This study sample included 23,453 individuals. Referral sources included family practitioners, geneticists, genetic counselors, obstetricians, perinatologists, and reproductive endocrinologists. Documented informed consent, including consent to research, was required of all patients and is on record at our facility. Institutional review board exemption is applicable due to de-identification of the data presented (45 CFR part 46.101(b)(4)). Genetic counseling was made available at no cost to all tested individuals.

Funding was performed as fee-for-service, typically reimbursed through third-party payers.

Disease panels

Diseases identifiable via the test platform range in severity from mild to incompatible with life. Nearly every disease can be considered severe (associated with infant or child mortality), significant (associated with progressive disease and reduced life span), or requiring significant intervention or treatment. The remainder is composed of milder conditions characterized by high allele frequencies and reduced penetrances, e.g., factor V Leiden thrombophilia (OMIM 188055), glucose-6-phosphate dehydrogenase deficiency (OMIM 305900), HFE-associated hereditary hemochromatosis (OMIM 235200), prothombin thrombophilia (OMIM 176930), pseudocholinesterase deficiency (OMIM 177400), and two common MTHFR mutations (OMIM 607093).

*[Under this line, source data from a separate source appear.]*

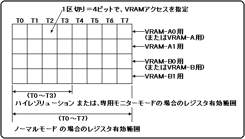 The VRAM cycle pattern register has registers corresponding to each bank of VRAM-A0, VRAM-A1, VRAM-B0, and VRAM-B1. If VRAM is not split in two, the register for VRAM-A0 will be used for VRAM-A, the register for VRAM-B0 will be used for VRAM-B, and the register for VRAM-A1 and VRAM-B1 will not be used. Hmm. The registers corresponding to each bank are divided into eight access timings from T0 to T7, and access is performed in order from the VRAM access indicated by the access command specified in the T0 bit. When the TV screen is in normal mode, all of T0 to T7 are enabled. In high resolution mode or dedicated monitor mode, only T0 to T3 are valid, and T4 to T7 are ignored. Figure 3.2 shows the VRAM cycle pattern registers used during one cycle. Figure 3.2 VRAM cycle pattern register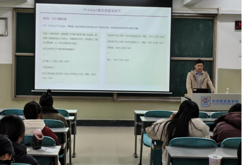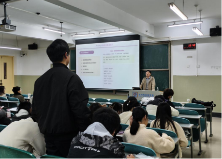 讲座中,丁老师先梳理专业学习路径:从大一基础工具入门,到大四大模型应用开发,清晰呈现四年核心课程;同时介绍数据分析师、AI应用工程师等岗位需求,助力学子明确方向,为“毕业即就业”打基础。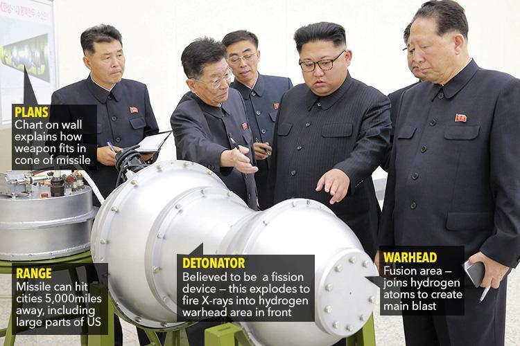 Ранее в этом месяце мировые лидеры жестко критиковали "маниакального" Кима после того, как северокорейский тиран взорвал ядерную бомбу, в два раза более мощную чем сброшенная на Хиросиму.

As the testing platform permits customization of disease panels, some physicians chose to prescribe testing for a subset of the full 417-mutation panel. In addition, ongoing improvements to the platform resulted in additions and refinements of various disease mutations. The sum effect of these changes is that the number of individuals tested for a given mutation varies moderately, as shown in the first column of Supplementary Table S1 online. All OMIM numbers are also noted in Supplementary Table S1 online.

Results

Data were available from 23,453 screened patients. Routine screening for a possible carrier state was the indication in all individuals. Screening for other indications, including potential gamete donor, infertility, and personal or family history, was also performed. Individuals with those indications were excluded from this study.

Population demographics

Self-reported ethnicity is summarized in Table 1. Caucasians constituted 60.6%, and 75.0% were female. Most samples came from within the United States; a minority came from Australia, Canada, England, or New Zealand.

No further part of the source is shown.